#### [GIVEN RECORDS]
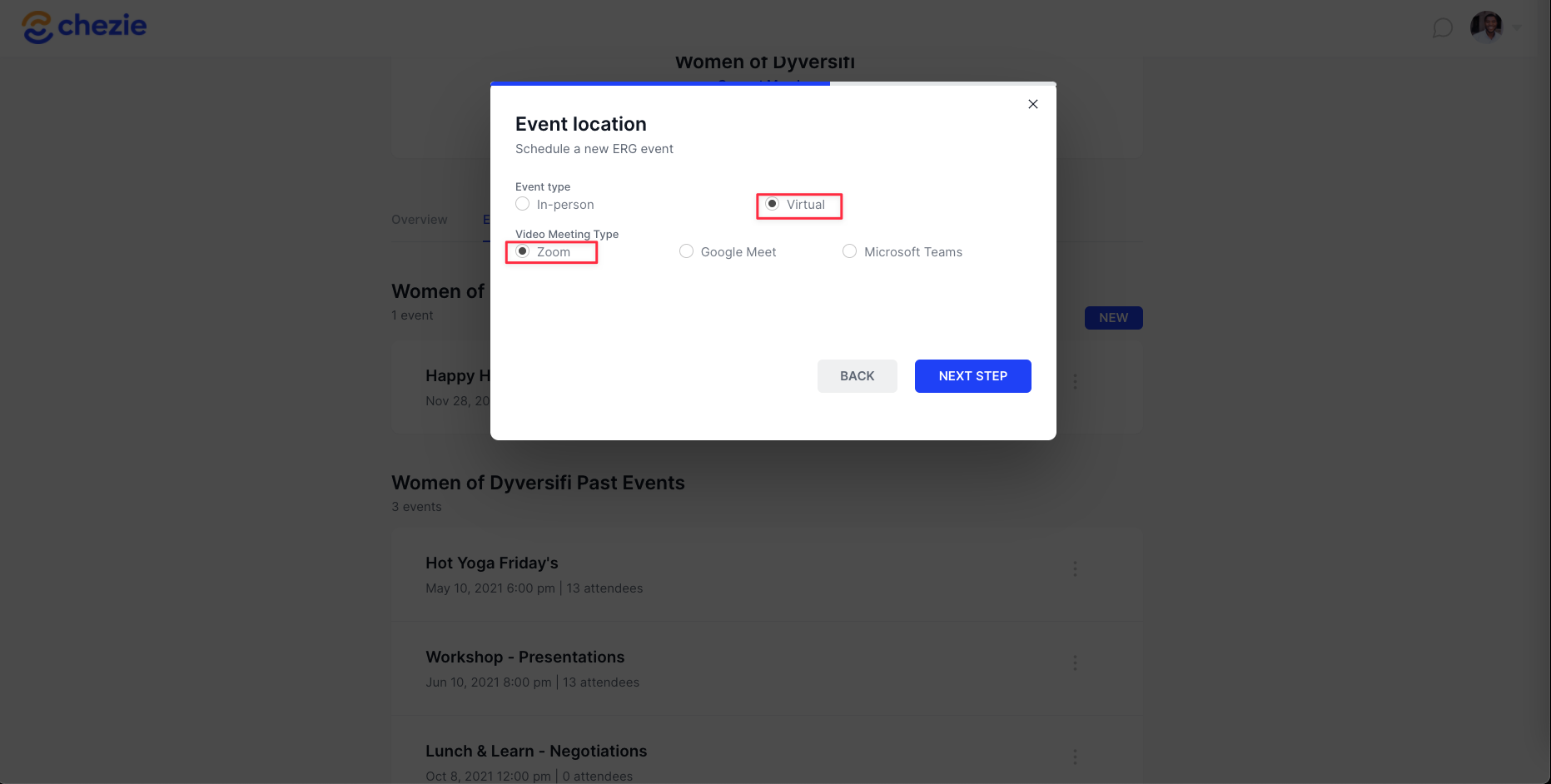 Note: this set up is part of the onboarding process. Once your IT admin has connected your company's Zoom account, changes can only be made by contacting support at support@chezie.co.
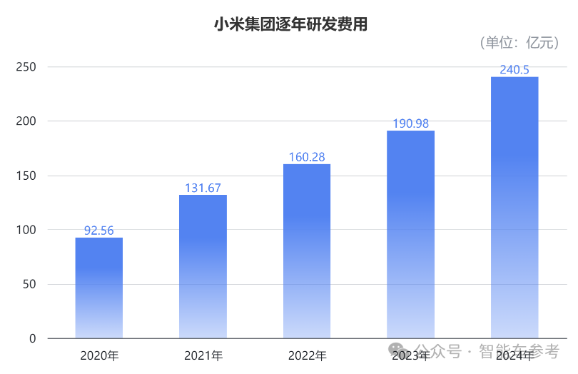 首先,就是2025年将加大研发投入,预计会增长到300亿元,同比将增长24.7%,这意味着小米在2021-2025年间,研发费用将超过1000亿元。
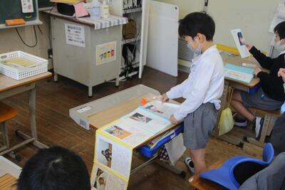 生活科では、「自分はっけん」という単元で、自分のこれまでの生活や成長を調べたり、支えてくれた人に感謝したりする学習をしています。先日行った授業参観では、保護者の方の前でできるようになったことを発表しました。この日は、これまで調べてきた自分の生活や成長をカードにまとめ、完成しました。達成感いっぱいの2年生です。
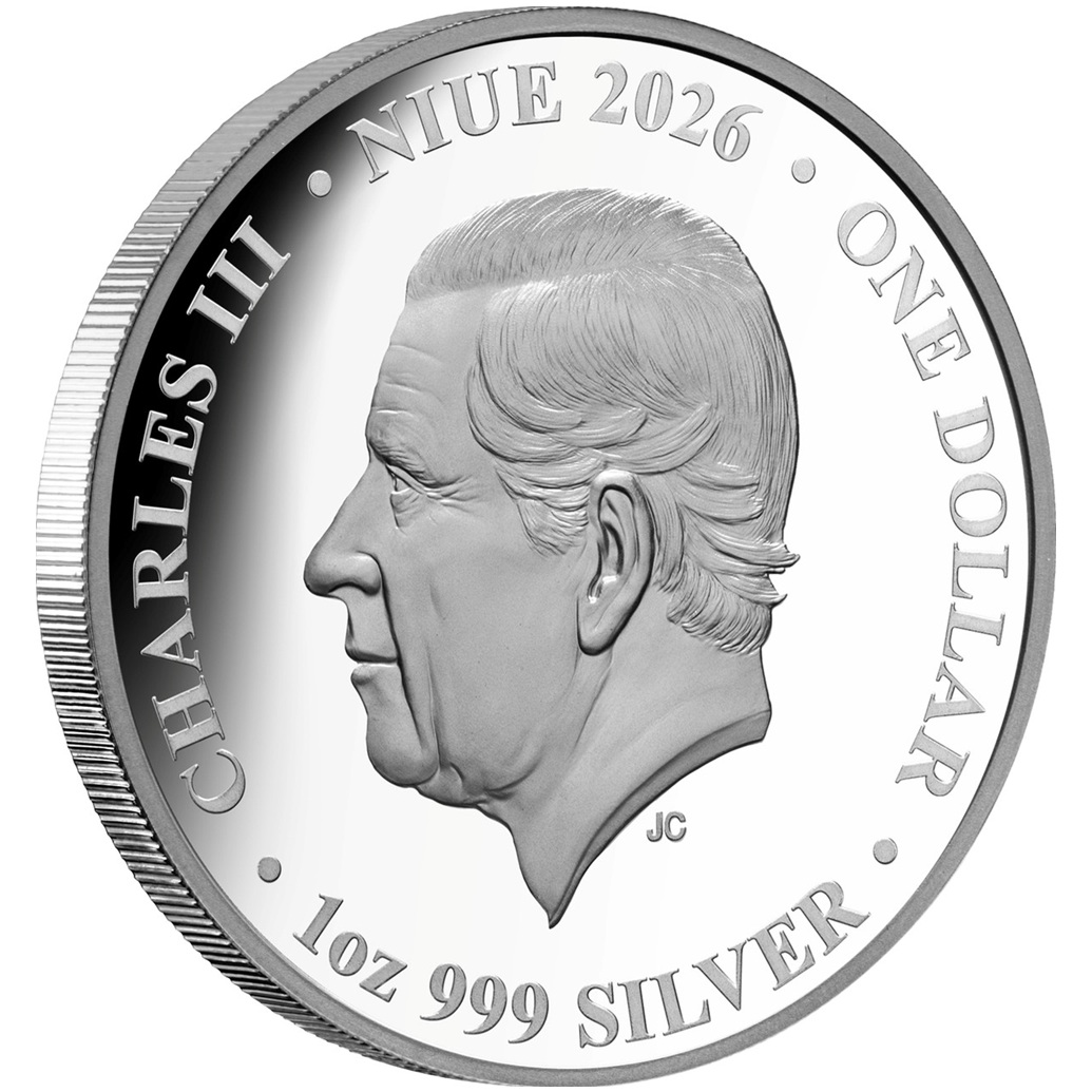 A l’avers, gravée par l’artiste Jody Clark, dont la signature JC apparaît sous le cou, la tête nue de Sa Majesté le roi Charles III à gauche ; autour, longeant le listel, le nom du souverain, celui du pays émetteur, à savoir Niue, le millésime « 2026 », la valeur faciale « ONE DOLLAR » (en français « UN DOLLAR ») et l’indication du poids et du titrage du métal, 1 oz (une once) et 999 SILVER (argent fin).
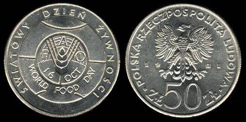 Lenkija 50 zlotų 1981 m., FAO, KM Y#127, VF+
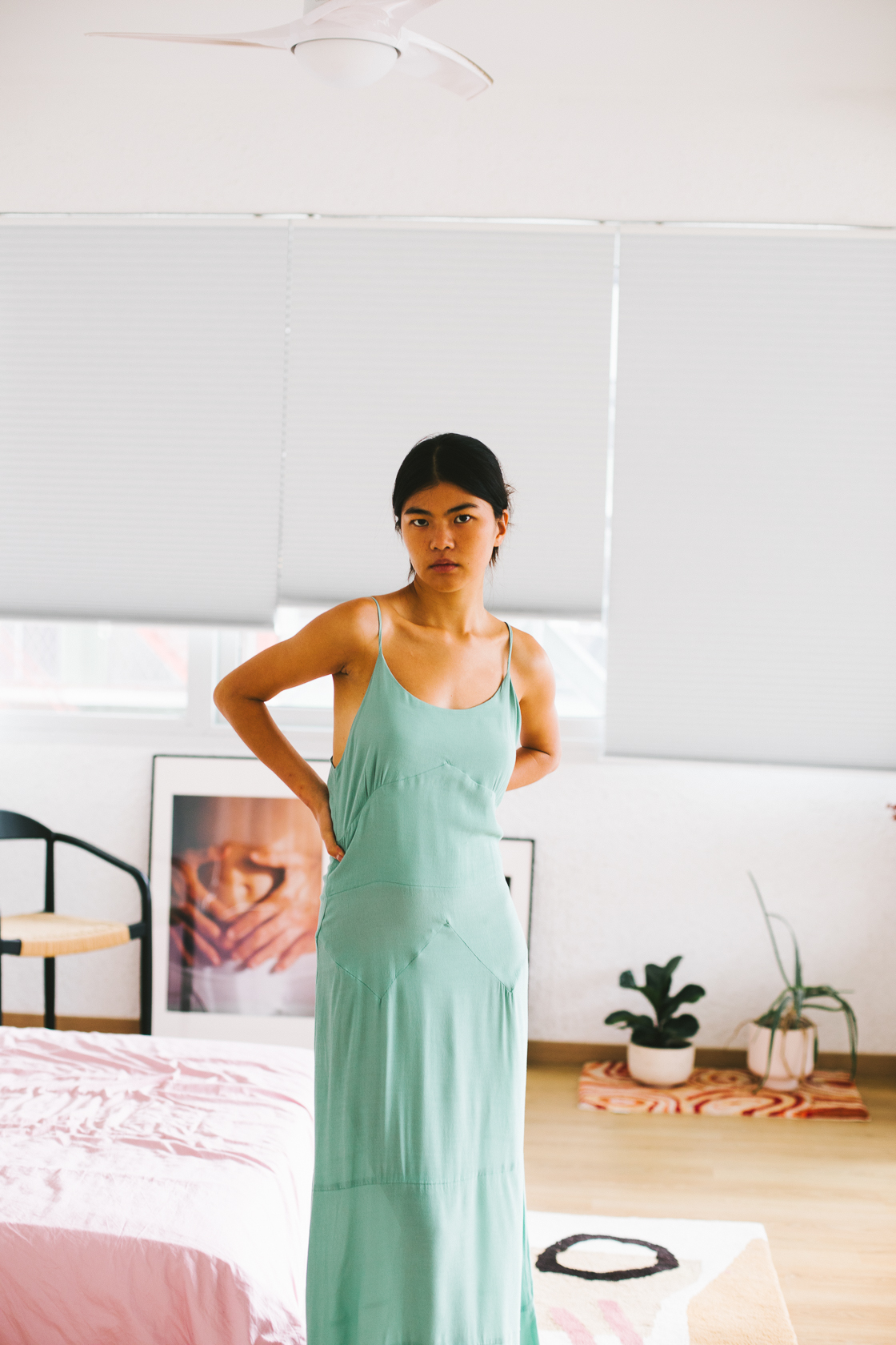 Vestido largo verde agua de tirantes- S- Valentina Garí

#### [EXERCISE INSTRUCTIONS]
For this exercise, reproduce exactly the lines of the records above from the one with "生活科では、「自分はっけん」" up to and including the one with "A l’avers, gravée", without pictures.

#### [TASK RESULT]
 生活科では、「自分はっけん」という単元で、自分のこれまでの生活や成長を調べたり、支えてくれた人に感謝したりする学習をしています。先日行った授業参観では、保護者の方の前でできるようになったことを発表しました。この日は、これまで調べてきた自分の生活や成長をカードにまとめ、完成しました。達成感いっぱいの2年生です。
 A l’avers, gravée par l’artiste Jody Clark, dont la signature JC apparaît sous le cou, la tête nue de Sa Majesté le roi Charles III à gauche ; autour, longeant le listel, le nom du souverain, celui du pays émetteur, à savoir Niue, le millésime « 2026 », la valeur faciale « ONE DOLLAR » (en français « UN DOLLAR ») et l’indication du poids et du titrage du métal, 1 oz (une once) et 999 SILVER (argent fin).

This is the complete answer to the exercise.